Pour les déplacements terrestres, la voiture électrique, adaptée à la dimension de l’île, commence à se faire une place au soleil et peut se targuer de recharge écologique alimentées en partie par des panneaux solaires. L’alimentation de l’île en carburant est complexe, dangereuse et onéreuse. La question d’une autre forme de ravitaillement que par pétrolier est d’ailleurs à l’étude entre les élus locaux et la Région. D’autres énergies semblent se profiler à l’image de l’hydrogène ou des projets de méthanisation. Quant à la bicyclette électrique, elle est devenue la grande reine sur l’île, la topographie aidant à son développement. Reste à travailler sur les itinéraires cyclables. Un défi auquel élus et associations se sont attelés, rendu difficile par les surcoûts des matériaux. Mais côté recyclage, la commune de Palais fait preuve d’imagination depuis quelques années, notamment en concassant des matériaux de chantier qui sont ensuite réutilisés en voirie. La question de la gestion des déchets est cruciale sur l’île, c’est de ce constat qu’est né Le Chtal, une ressourcerie écologique et solidaire.
Sur les futurs aménagements de la ville de Palais, lauréate au dispositif Revitalisation soutenu par la Région, le développement d’équipements devraient permettre l’innovation autour de locaux à vélos électriques avec recharge intégrée ainsi que d’un concept « smart city » qui permettra de réguler le stationnement, les flux, l’éclairage public ou encore l’arrosage…
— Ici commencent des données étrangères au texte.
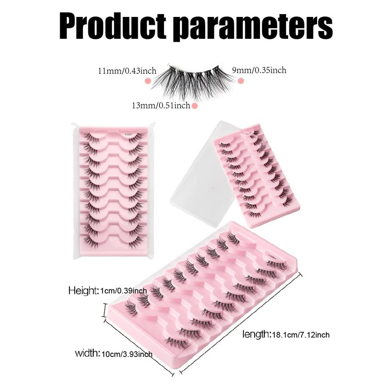 - Half False Eyelashes Our SJBAUTYO set includes 10 pairs of high quality black fiber half lashes. The half length makes it easy to adjust to your lids and gives you a natural look.

Et l’Autonomie alimentaire ?
Depuis quelques mois, et avec une accélération due à la crise sanitaire, de nombreux projets agricoles émergent. Si les quatre communes de l’île ont décidé de reprendre en main la question du foncier agricole, c’est pour permettre de conforter les exploitants locaux et installer de nouveaux porteurs de projets. Sur la commune de Palais, deux projets sont en cours, la plantation de 4000 arbres pour reboiser la commune avec des espèces nourricières et la création d’un nouveau modèle solidaire, économique et écologique de type régie maraichère pourrait alimenter la restauration scolaire ou le centre hospitalier. Cette démarche pourrait être couplée à une petite unité sociale « sur mesure » pour y accueillir des insulaires en situation de handicap.
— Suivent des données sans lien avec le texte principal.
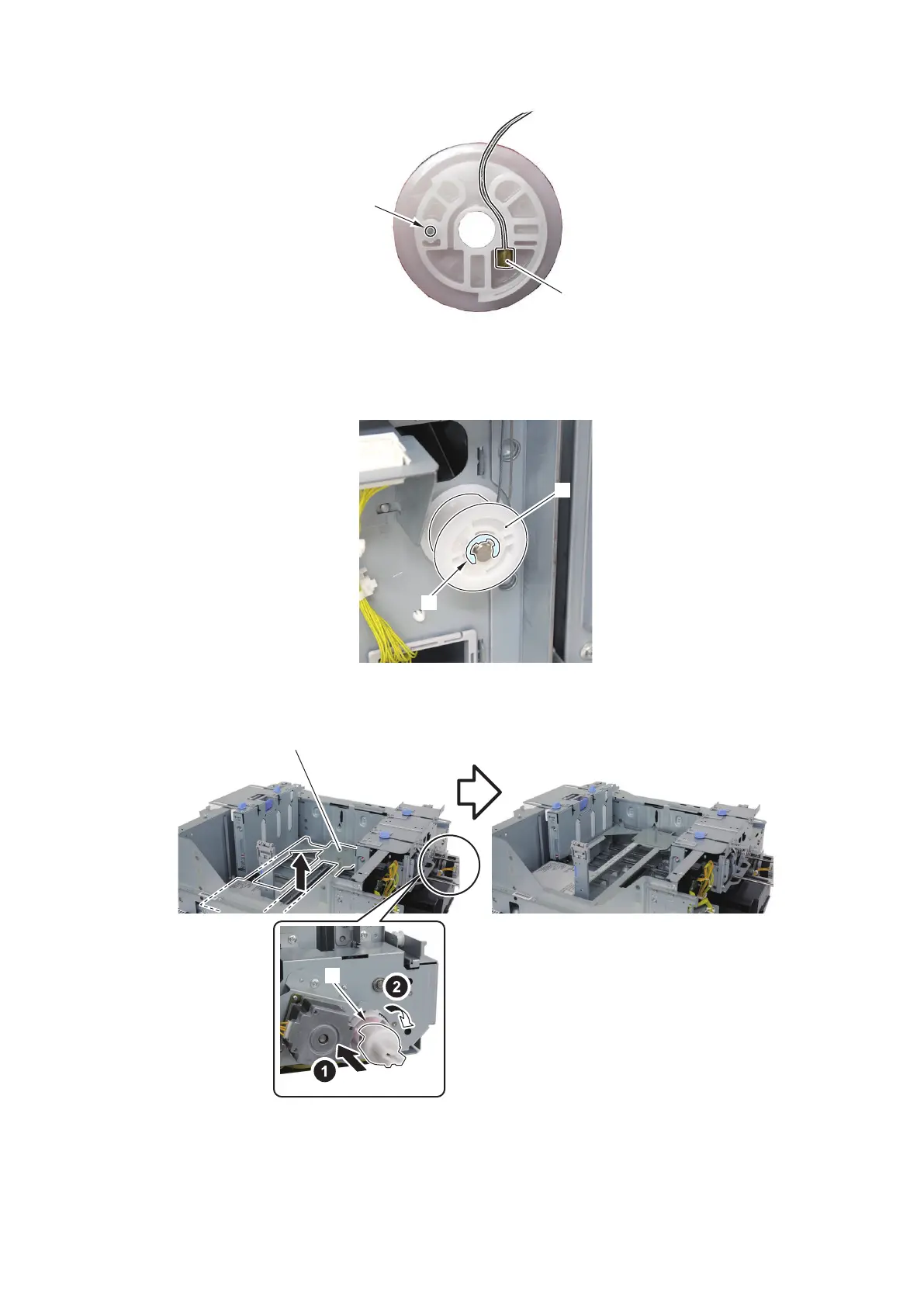 7. Set the Short Lifter Wire [1] and the Parallel Pin [2] to the Wire Pulley.

À Belle-Ile, la production laitière dépasse les 2 millions de litres qui pour la majeure partie sont évacués vers le continent par la collectivité. Si depuis 30 ans le projet d’une grande laiterie est évoqué, il est désormais sur le point d’aboutir. Financé en partie par la Région et probablement par la communauté de communes ce projet permettra d’allier écologie, circuit-courts, emplois et de meilleurs revenus pour les agriculteurs.
Quant au Logement, c’est Le défi de la décennie.
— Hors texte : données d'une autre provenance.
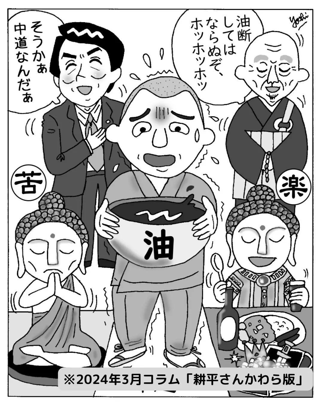 「涅槃経」というお経に「油断」の語源となる逸話が語られています。その昔、インドの乱暴な王様が臣下に油を一杯に注いだ鉢を持たせ「もし鉢を傾けて一滴でも油をこぼしたら命を断つ」と命じました。物騒な話ですが、「油をこぼしたら命を断たれてしまう」というくらいの緊張感、真剣さをもって修行しなさいという教えです。

Cette question est centrale sur l’île, car il y a d’ailleurs de l’emploi qui, confronté à cette problématique, ne peut-être pourvu de façon satisfaisante. Pour ce faire, la commune de Palais s’est lancée dans un grand projet d’accession pour les Palantins aux revenus intermédiaires. Trois hectares sont en cours d’achat par la commune pour créer des « petits villages » et permettre la construction de beaux projets de vie pour des familles. Des terrains à coûts mesurés, sur la base d’un règlement permettant des clauses anti-spéculatives innovantes d’une durée plus longue.
Enfin, la Santé : une première en France.
Construire un nouveau centre hospitalier n’a pas été une sinécure tant les défis étaient nombreux. Mais lorsqu’il s’est agi de la question d’une maison de santé, les communes ont répondu présentes, c’est ainsi qu’est née la première maison de santé pluri-communales de France. Une expérience unique qui offre une qualité de soins aux insulaires et garantie la sédentarisation des médecins libéraux. Elle permet aussi la venue de nombreux spécialistes, qui parfois consultent à distance grâce à la télémédecine.
L’avenir des îles est donc dans les mains de ceux qui y vivent, mais la fragilité et la complexité de ces territoires doivent être prises en compte et accompagnées de manière toute aussi singulière. La Région l’a bien compris notamment avec les nouvelles compétences transférées par la loi NOTRE. Des problèmes découlent des solutions sur mesure.
D’autres défis en toile de fond émergent et seront au menu des prochaines années avec toujours cette spécificité insulaire : celle de perpétuellement se réinventer.